**DATA PROVIDED:**
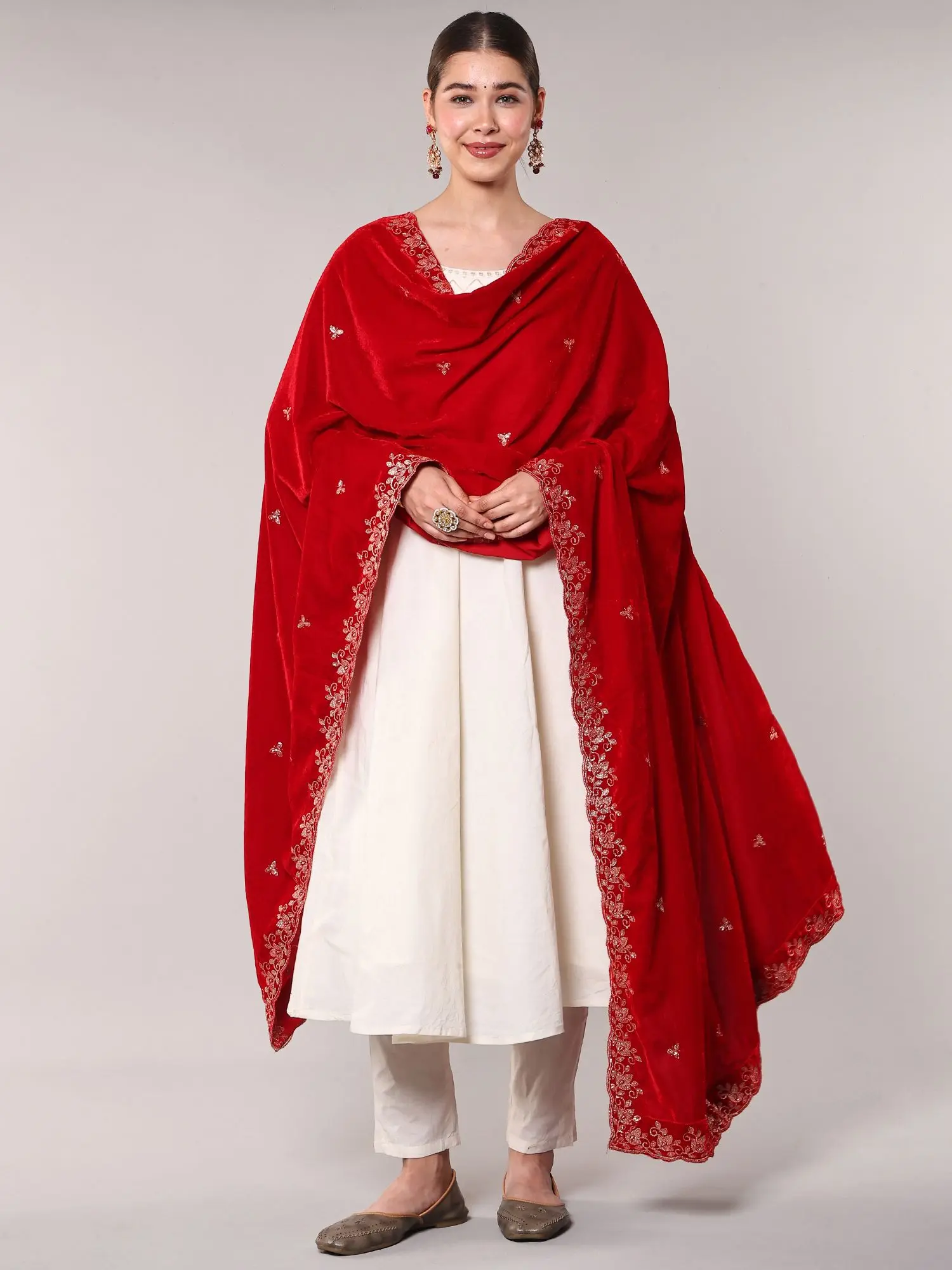 Embroidered Velvet Dupatta with Golden Bootis and Scalloped Edge
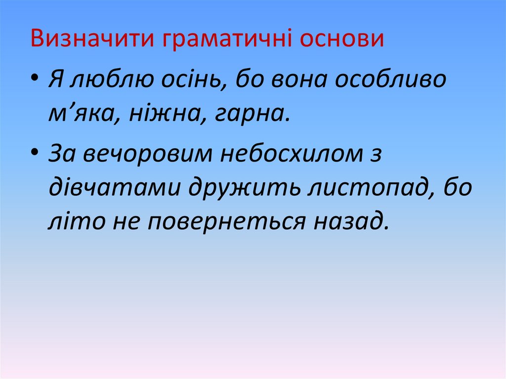 Визначити граматичні основи• Я люблю осінь, бо вона особливо
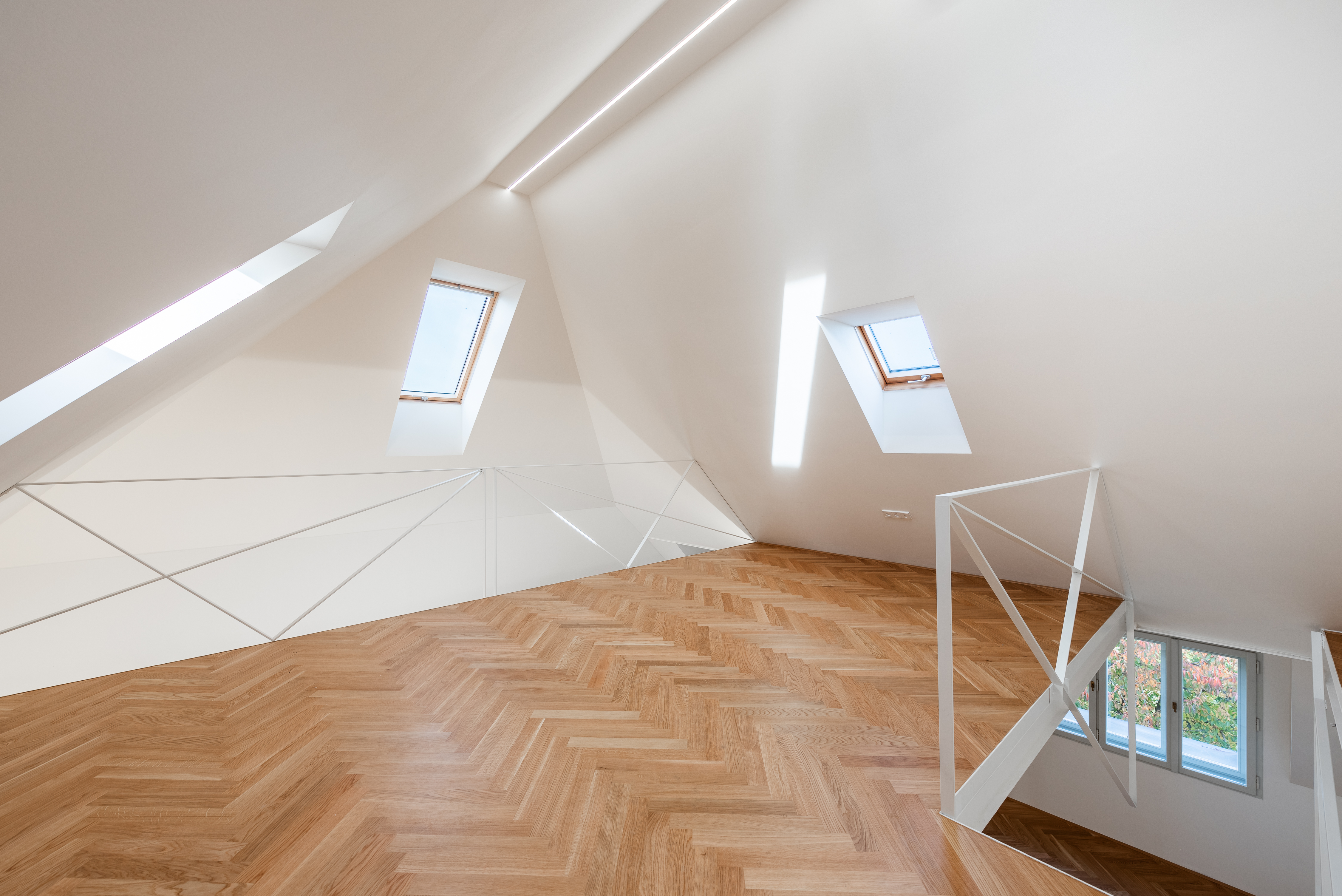 Galerie v hlavní obývací části byla navržena již od samého počátku jako výrazný architektonický prvek. Její konstrukce je tvořena ocelovým rámem, který umožnil vytvořit velkorysý otevřený prostor bez jediného podpůrného prvku krovu. Základ rámu tvoří ocelové válcované profily, příčně ztužené charakteristickou „cik-cak“ trubkovou konstrukcí. Ve stejném duchu je navrženo také zábradlí z ploché oceli se síťovinou vetknutou mezi šikminy střechy, které podtrhuje lehkost celého prostoru. Na tuto estetiku navazuje i konzolové schodiště – jeho stupně z ohýbaného plechu mají trojúhelníkový tvaroslovný motiv, který se v interiéru opakuje. Strop galerie je záměrně proveden z cementotřískových desek, aby se vizuálně odlišil od původní konstrukce a současně odkazoval na pohledový beton použitý v nižším podlaží(2.NP). Tento prvek citlivě člení výšku obytné haly, která by jinak působila příliš velkoryse a ztrácela by na útulnosti. Nedělí však prostor zcela – ponechává mu volnost a plynulost, přirozeně ustupuje od přední strany, aby umožnil pronikání světla do středu dispozice prostřednictvím střešních oken. Vrchní část je navíc možné oddělit skleněnou stěnou a vytvořit tak další samostatnou místnost, aniž by se narušila lehkost a vzdušnost celého prostoru.

**EXERCISE:**
Leave the pictures out and please restate exactly the lines running from the start of the material through the one with "Визначити граматичні основи•".

**EXERCISE SOLUTION:**
 Embroidered Velvet Dupatta with Golden Bootis and Scalloped Edge
 Визначити граматичні основи• Я люблю осінь, бо вона особливо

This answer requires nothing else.